For the genome collinearity analysis, all the annotated ORFs and repeat regions were compared with the genome sequence of HycuNPV-N9 using the Mauve algorithm implemented in Geneious Prime software [12]. The distribution of polymorphic sites in the HycuNPV whole-genome alignment was inferred using the Base-By-Base 3.0 software [11].

Phylogenetic analysis

The de novo assembly sequences for the HycuNPV-HB and HycuNPV-BJ genomes, as well as that of HycuNPV-N9 and other 31 publicly available baculovirus genomes from the NCBI database were used to construct a phylogenetic tree (Additional file 11: Table S7), and CuniNPV was chosen as the outgroup. The 38 core genes concatenated amino acid sequence alignment was constructed using MAFFT [47]. A maximum-likelihood tree was inferred using PhyML 3.1 [48] with the substitution model LG + G + I. The reliability of the tree was explored using a bootstrap analysis with 1000 replicates [49]. To verify whether the virus corresponds to a new species, the Kimura two-parameter distances (K-2-P) were calculated for the 38 core genes concatenated nucleotide sequences by using the pairwise distance calculation of MEGA 7 applying the Kimura 2-parameter model [19, 20]. BLASTP [15] homology search was used to identify orthologs of Hrf-1 present in all of the baculovirus and other species in NCBI non-redundant protein databases (Additional file 11: Table S7), 22 protein sequences were retrieved and used to aligned using ClustalW [50]. A phylogenetic tree was reconstructed using the Maximum Likelihood method based on the Jones–Thornton–Taylor (JTT) model with 1000 bootstrap values using MEGA7 software [51].

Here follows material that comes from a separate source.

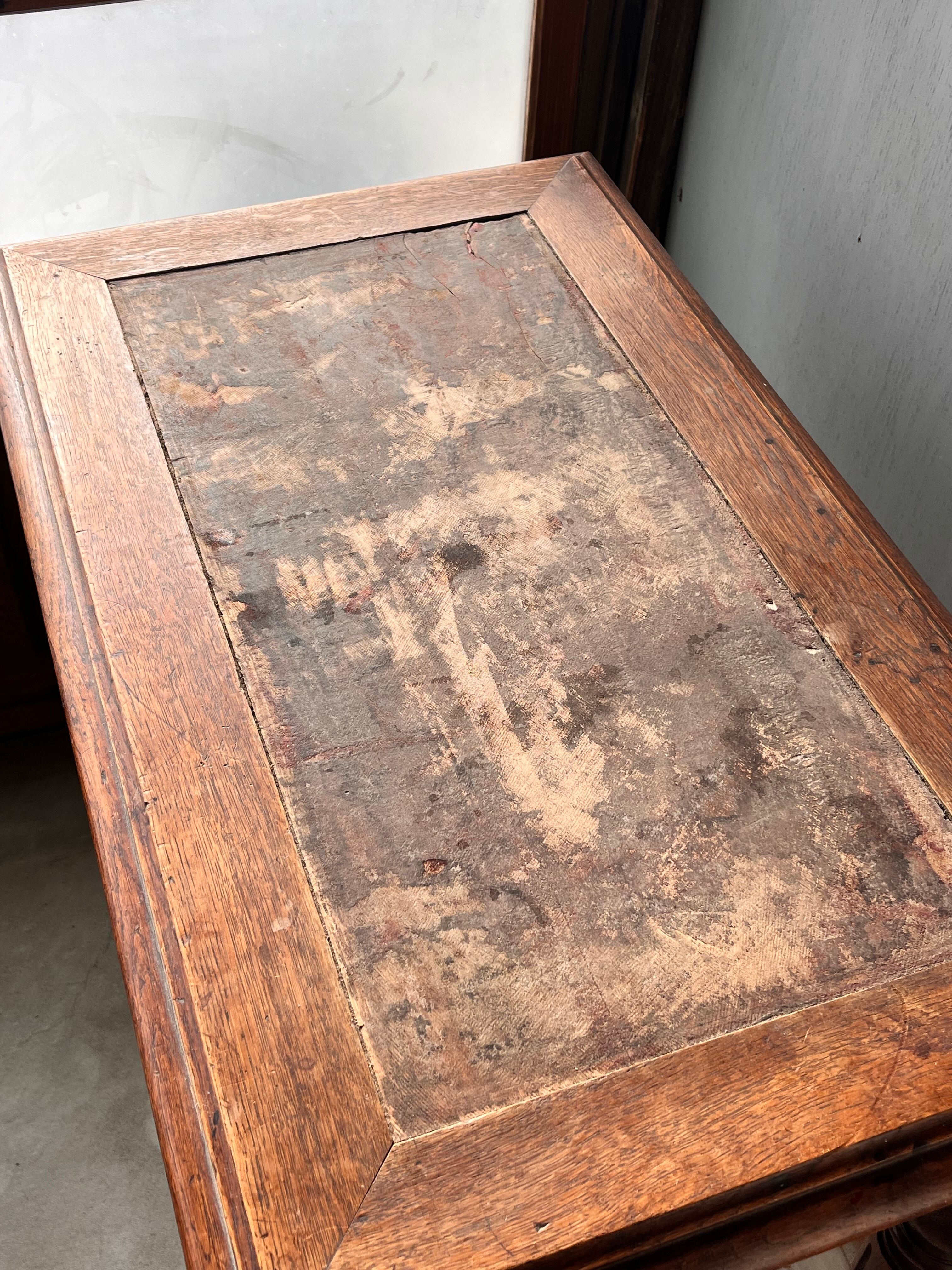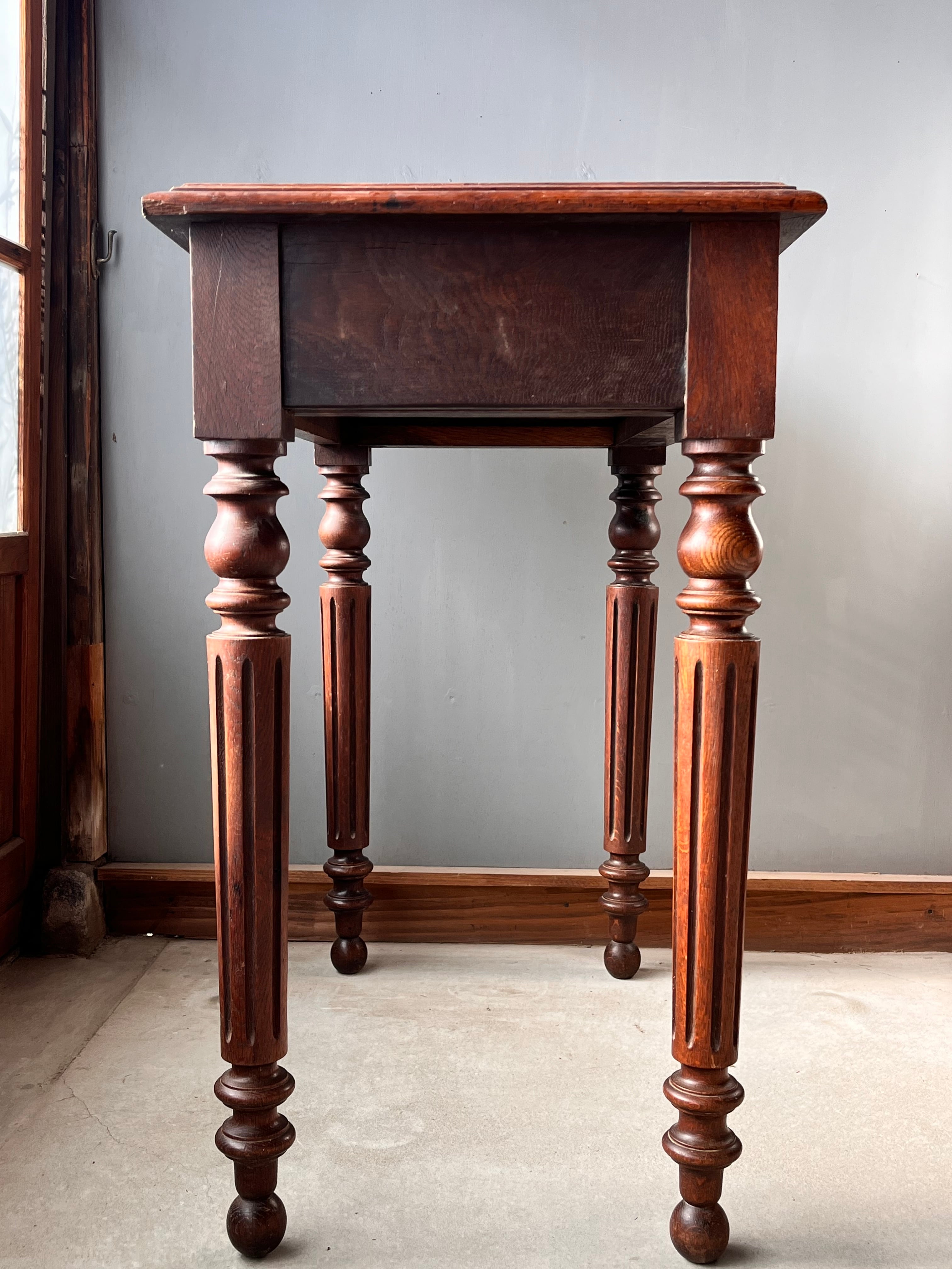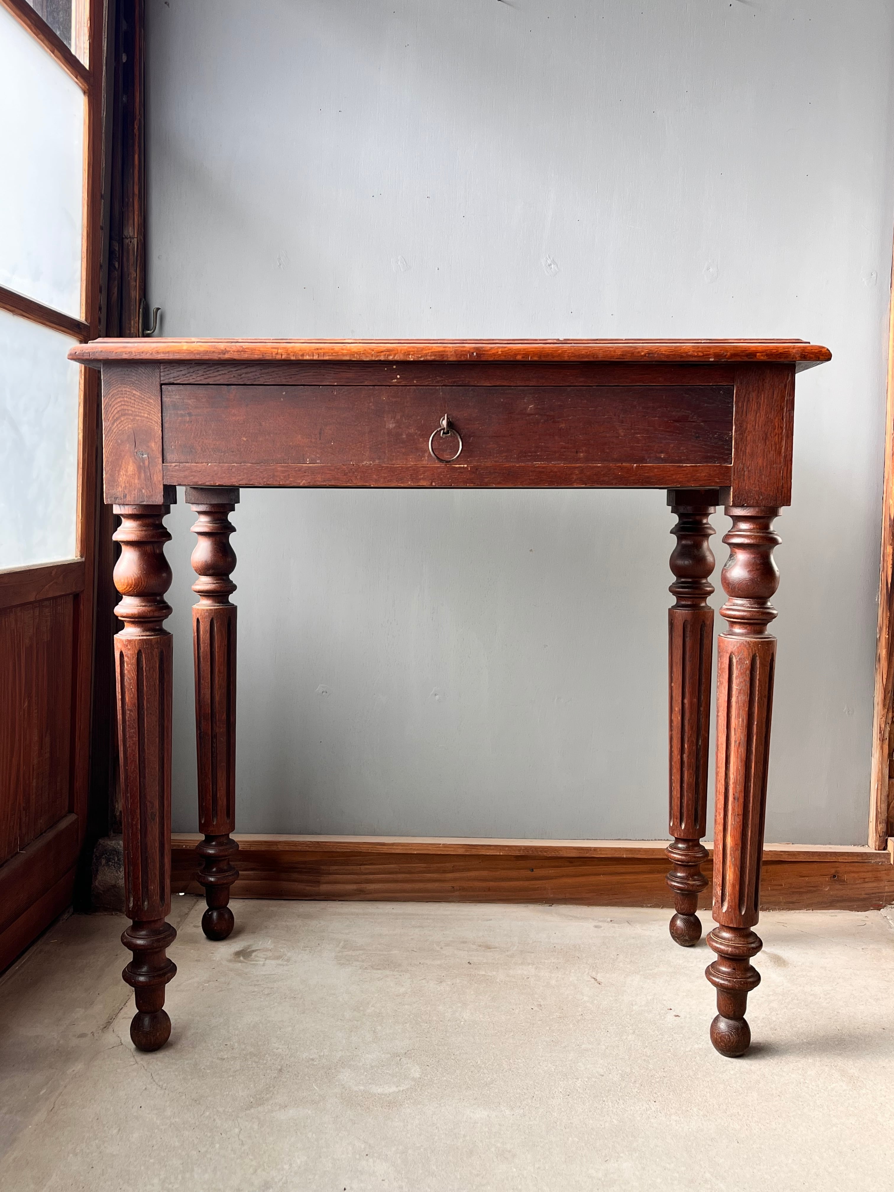 丸みのある脚のデザインが素敵です。鍵はついておりますが、鍵をかけることは出来ません。天板は革などが張ってあったのでしょう。重厚感もあり素敵なお品です。
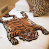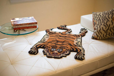 This one-of-a-kind Tibetan tiger carpet is the perfect addition to your home, office, or meditation space.  Made in the traditional manner, each design is cut by hand to create a 3-dimensional look that emulates a real tiger skin.  They are woven by hand on looms and feature 100 knots per square inch.  Tibetan carpets and tiger rugs are truly beautiful pieces of art known for their quality and longevity.

Genetic diversity of HycuNPV

To explore the diversity of the HycuNPV populations in China, we combined all the clean reads of the HycuNPV-HB and HycuNPV-BJ isolates and mapped them to the HycuNPV-N9 reference genome (Mean coverage ± SD: 15866 ± 9972) using Geneious Prime with default parameters for the population-based analysis. The SNPs were detected using the Find Variations/SNPs plug-in with the following criteria: low-frequency variants > 0.05 and read depth > 100 [25]. To ensure the reliability of our SNPs, we also used Geneious Prime to visually validate variations to avoid potential false-positive sites. To evaluate the intra-populational diversity, each sequence dataset of the Chinese isolates was mapped against its respective representative genome for the individual-based analysis, and the SNPs were identified using the above method. Based on the gene-function classifications of AcMNPV and other related baculoviruses [45, 52, 53], all the SNPs identified in ORFs were grouped into the following six functional groups: auxiliary, replication, transcriptional, oral infection, structural and unknown function. The genetic diversity was estimated using NSSP (non-synonymous substitutions per base pair) values [30], and the result was plotted using the R statistical programming language. The SNP distribution’s circular map was constructed using Circos 0.69 (https://github.com/vigsterkr/circos) [13].

Analysis of selective pressures

According to previous literature [54], selective pressure is generally assumed to be defined by the ω value or the dN/dS ratio. If dN/dS > 1, then the gene is under strong positive selection. If dN/dS < 1, then the gene is undergoing negative or purifying selection, and if dN/dS = 1, then neutral evolution has occurred [55]. To perform the dN/dS analysis on each gene, we used a standard method described previously [27]. We first generated an expectation for the number of possible synonymous mutations and non-synonymous mutations in each ORF using the HycuNPV-N9 genome as a reference sequence. Then, we assumed TTR values of 1, 3 and 5, independently, and generated predictions for each value. Custom R scripts were used to generate these predictions. Finally, using the synonymous and non-synonymous substitutions observed in each ORF, together with the generated expectations, we calculated the dN/dS value for each ORF. The R code is available in the supplementary information (Additional file 12: R code).